What follows is my response to an article in the UK broadsheet The Independent on separation:

http://www.independent.co.uk/opinion/commentators/yasmin-alibhai-brown/yasmin-alibhaibrown-why-breaking-up-should-be-much-harder-to-do-7441322.html



Dear name,
thank you for your article in the Independent and the Radio Four interviews on separation. You write in detail about the heartache that is caused by a husband and parent leaving. If I understand your thoughts correctly, you believe that there is no chance of redemption once a marriage has been broken and as a result, the life of the children will be thwarted forever.

I  wonder whether this attitude does not lead to even more heartache than what has already been afflicted through separation?

Our son has left his family five months ago but not for another woman. We are grieving as a family now and don't know where to turn. The Family of Origin has closed ranks and neither we, the grandparents, nor our son has access to the children (4 years and 1 1/2 years) any more. Our son does not want to row in front of the children, so at the moment he doesn't fight for his right to see the children in the court.

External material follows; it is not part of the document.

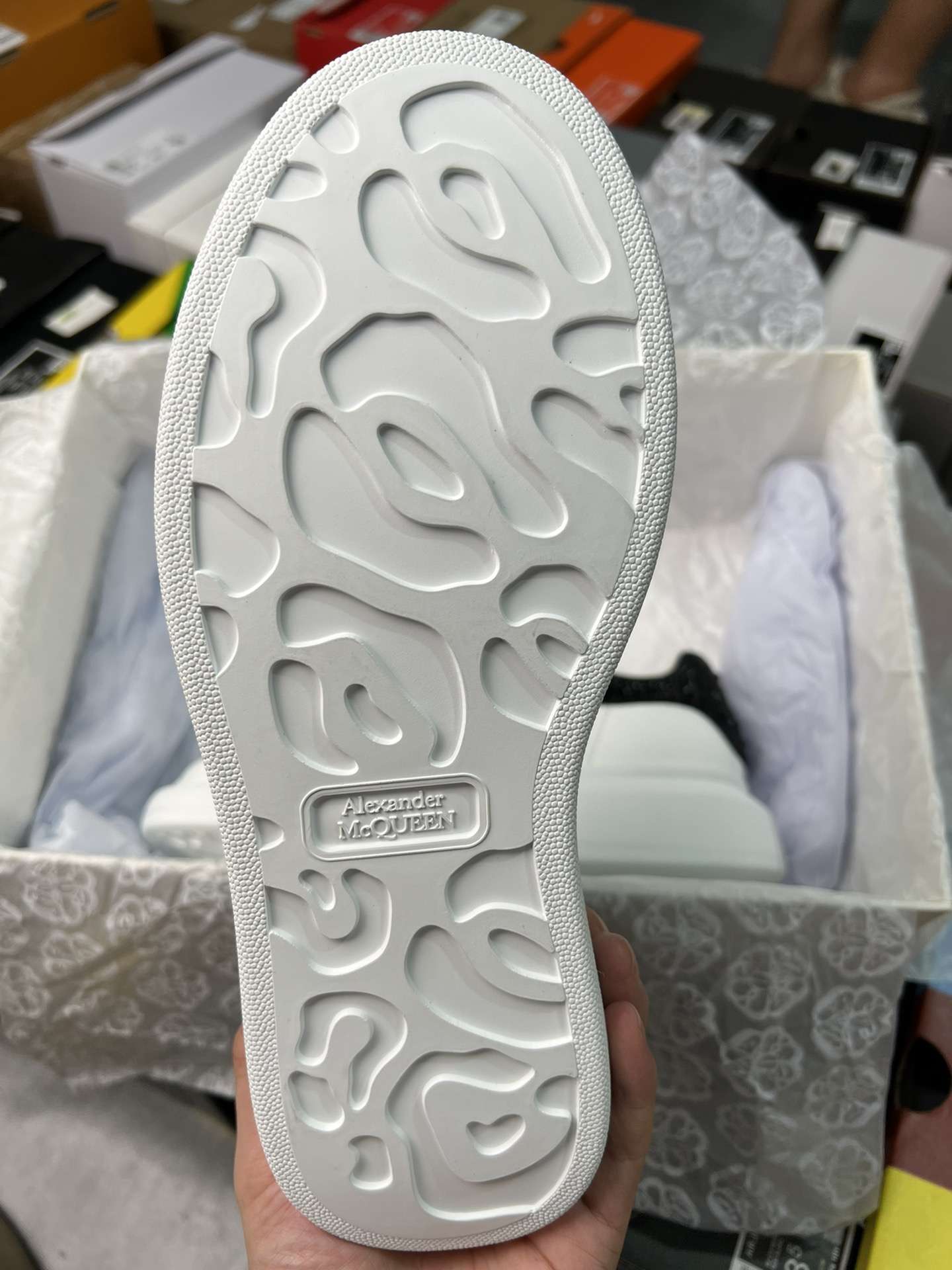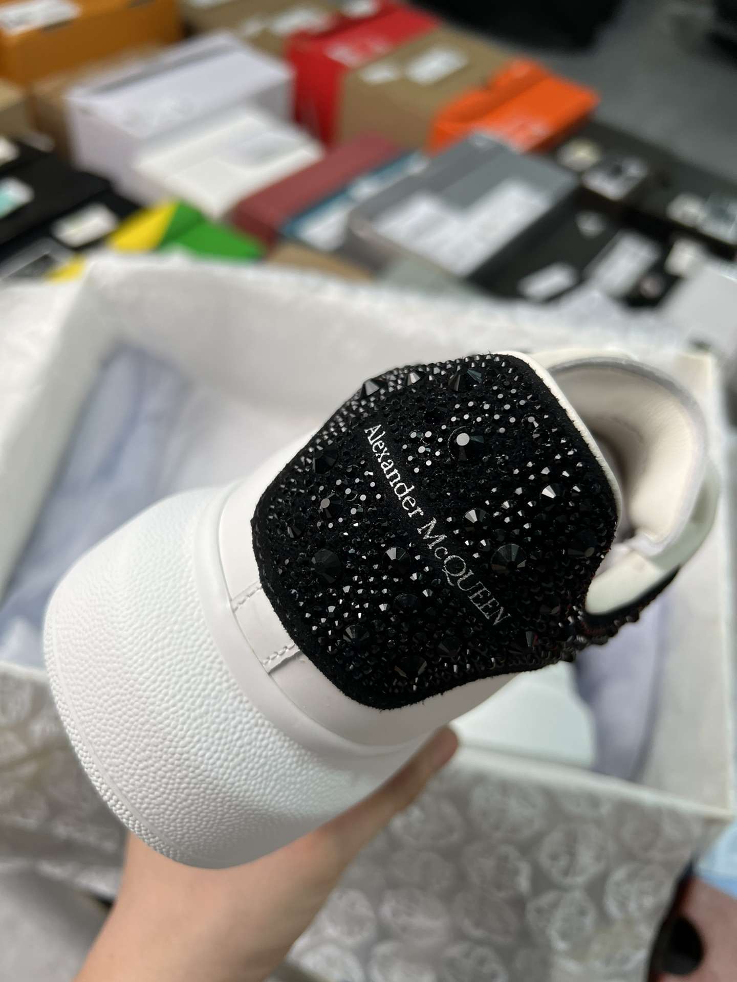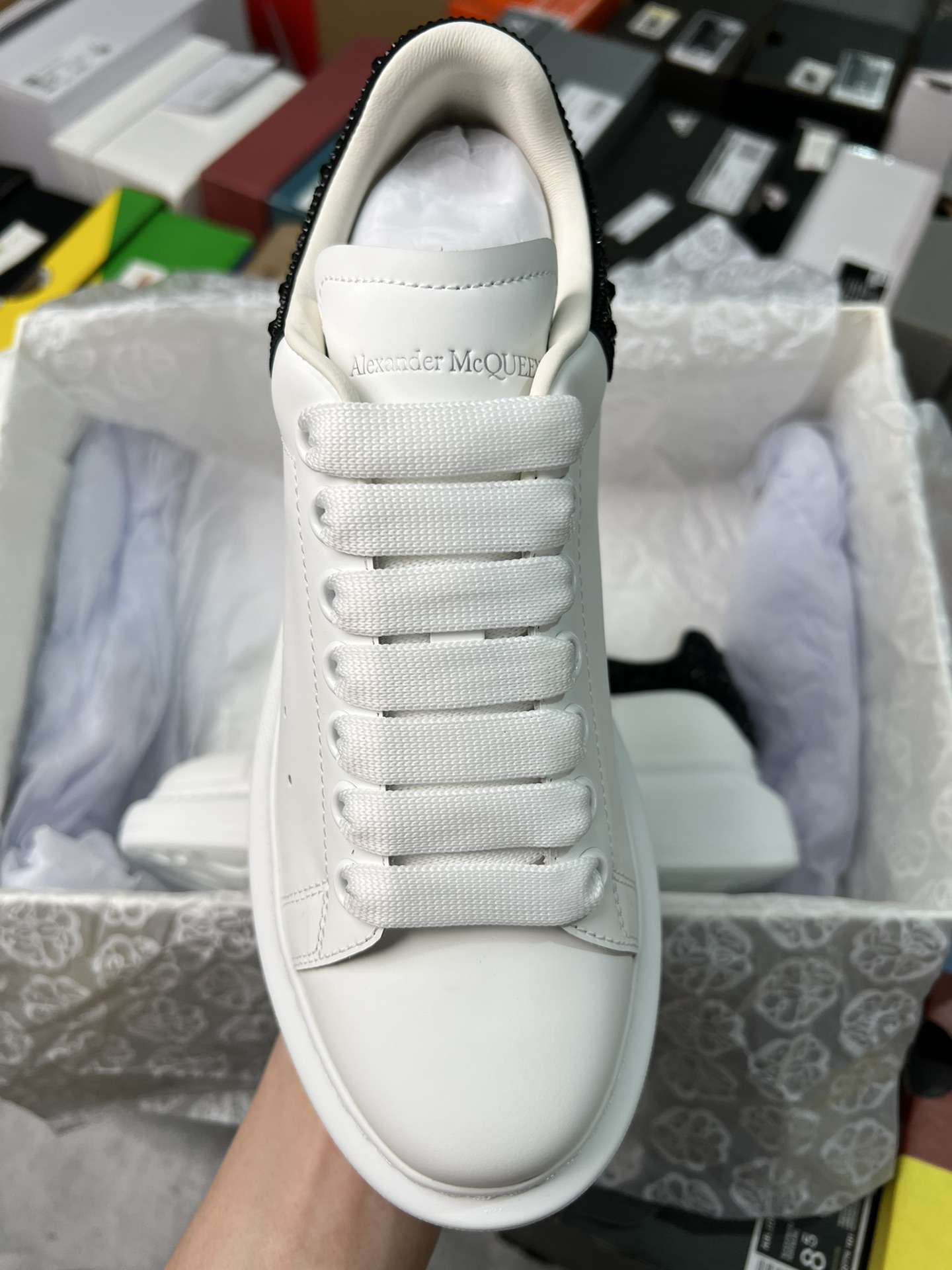 Replica Alexander Mcqueen Oversized Sneaker in White with Strass Spoiler Black

I'm a mother of two sons and have been married for 32 years. I have no experience bringing up a daughter and I'm not in tune with girls of this generation. I struggle with the thought that my former Daughter-in-law will be miserable for the rest of her life. Our allegiance is of course with our son, hard as this may be. However, as a woman who grew up in the seventies with strong links to the idea of Feminism, I have empathy for what the former wife is going through and thinking of her hurts. I've never felt as inadequate as I feel now.

You say in your article: 'It's as if my eyeballs were turned inwards and my other senses too. Many have accused me of unseemly solipsism, of washing too many wet hankies in public, of being dementedly obsessed with the past. All true. It was all I could and can do. It must be hard for the dear departed, never being allowed to forget.' and you quote 'one distraught mum': "He leaves me, broke and broken-hearted and I am just to take it, give him his share of the babies I carried and gave birth to, treat him well, never cry, never tell him I want to die."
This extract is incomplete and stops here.